**Problem statement**
Exact transcription begins at the first line of the material below and ends with the line holding "Simulator Settings. |"; pictures are skipped.

**Dataset excerpt**

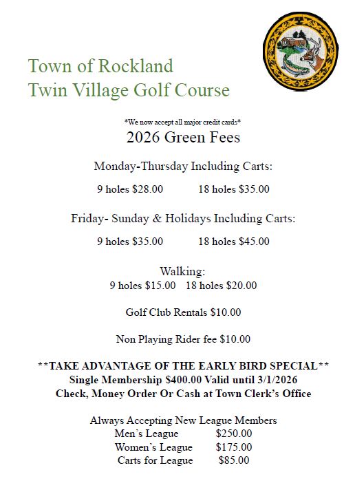 If you have any questions, feel free to contact Townclerk@townofrocklandny.gov or Twinvillagegolf@townofrocklandny.gov
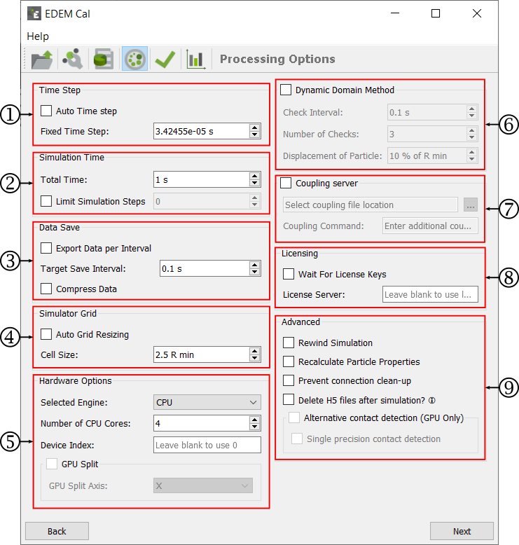 | Advanced | You can select additional parameters using these checkboxes. For more information on the parameters, see EDEM Simulator Settings. |
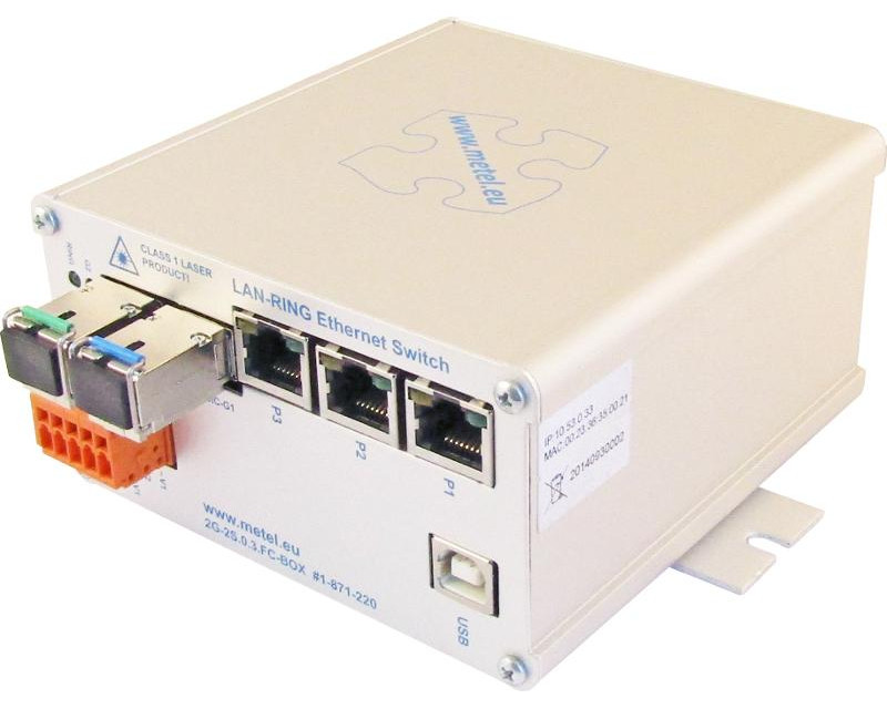 IP METEL s.r.o. 2G-2S.0.3.FC-BOX, Průmyslový switch pro kruhovou topologii s 2x SFP slot, 3x FE port, redundantní vstup napájení, jemné přepěťové ochrany, EVENT MANAGEMENT: SMTP, TCP eventy, ETH eventy, HTTP klient (řízení kamer), 8x IPWatchdog.... , provozní teplota –40…+70°C, VLAN, QoS, IGMP, SNMPv2/v3, SNTP, instalace na rovný podklad nebo DIN35, 12VDC/24VDC/48VDC/12VAC/24VAC/56VDC

**Task output**
 If you have any questions, feel free to contact Townclerk@townofrocklandny.gov or Twinvillagegolf@townofrocklandny.gov
 | Advanced | You can select additional parameters using these checkboxes. For more information on the parameters, see EDEM Simulator Settings. |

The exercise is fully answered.